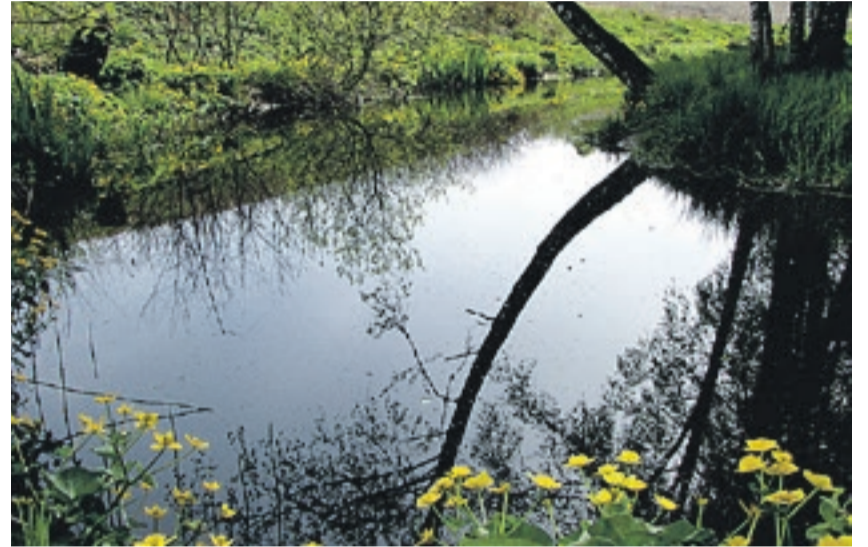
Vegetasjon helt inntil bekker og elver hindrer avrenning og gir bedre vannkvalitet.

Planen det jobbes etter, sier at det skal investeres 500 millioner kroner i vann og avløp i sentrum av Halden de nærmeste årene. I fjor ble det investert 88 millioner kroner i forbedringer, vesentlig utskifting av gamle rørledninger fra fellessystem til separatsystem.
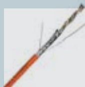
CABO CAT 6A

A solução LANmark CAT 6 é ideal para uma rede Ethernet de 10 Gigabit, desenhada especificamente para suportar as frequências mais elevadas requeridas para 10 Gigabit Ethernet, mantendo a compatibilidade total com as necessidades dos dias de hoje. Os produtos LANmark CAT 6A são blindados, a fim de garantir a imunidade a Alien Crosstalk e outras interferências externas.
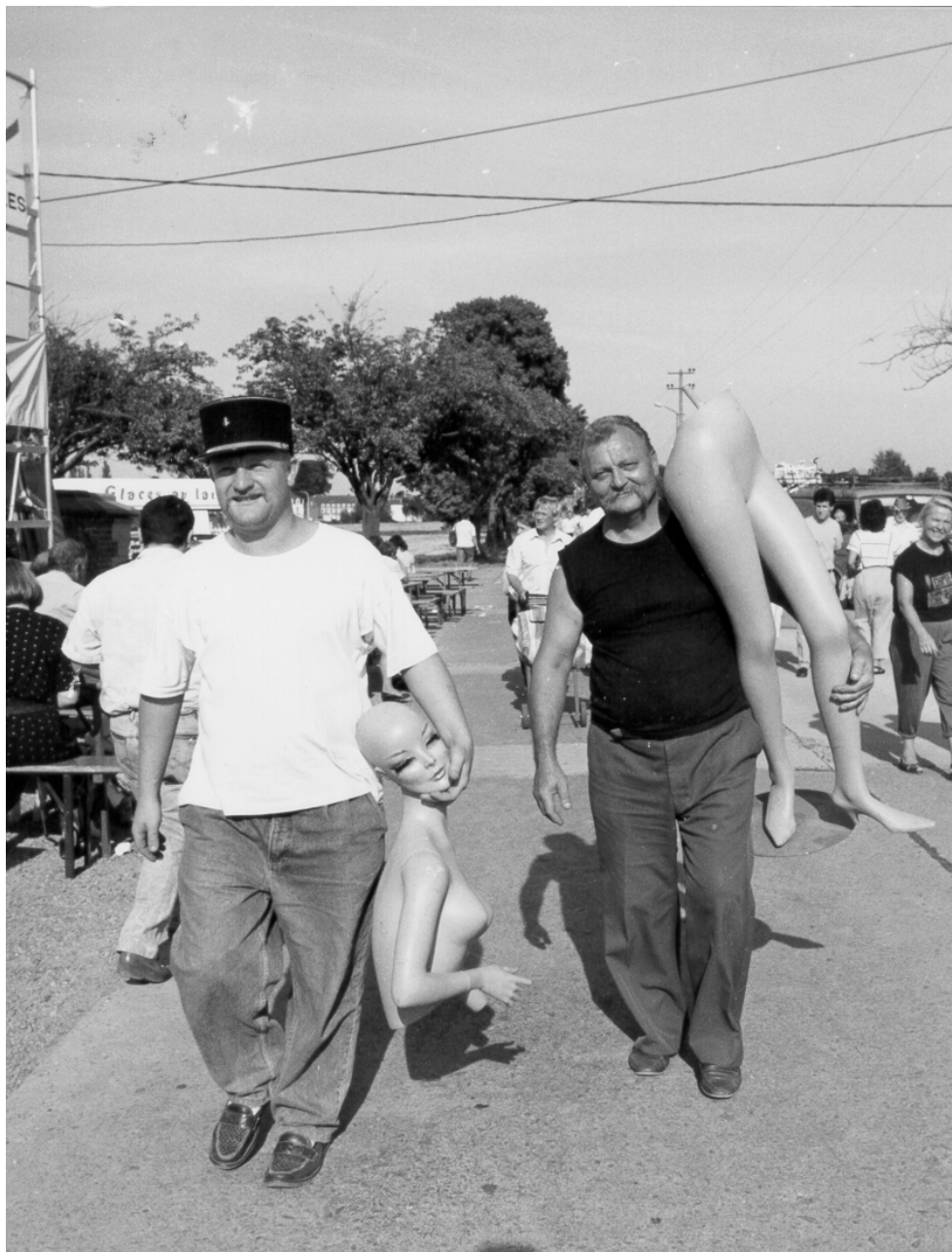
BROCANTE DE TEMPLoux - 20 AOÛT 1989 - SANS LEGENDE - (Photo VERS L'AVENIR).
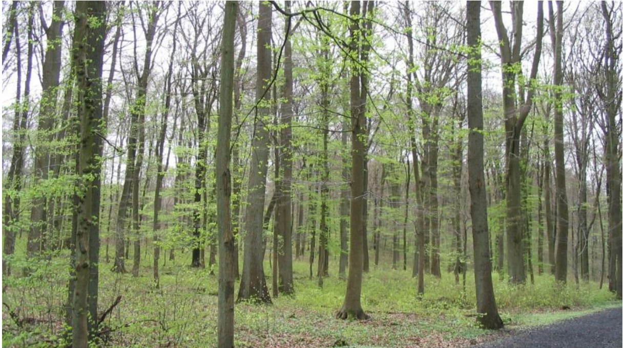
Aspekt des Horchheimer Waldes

::::

### [Work instruction]
Begin with the first line of the records and repeat every line up to the one with "CABO CAT 6A", counting that line too. Pictures are not part of the copy.

### [Task output]
Vegetasjon helt inntil bekker og elver hindrer avrenning og gir bedre vannkvalitet.

Planen det jobbes etter, sier at det skal investeres 500 millioner kroner i vann og avløp i sentrum av Halden de nærmeste årene. I fjor ble det investert 88 millioner kroner i forbedringer, vesentlig utskifting av gamle rørledninger fra fellessystem til separatsystem.
CABO CAT 6A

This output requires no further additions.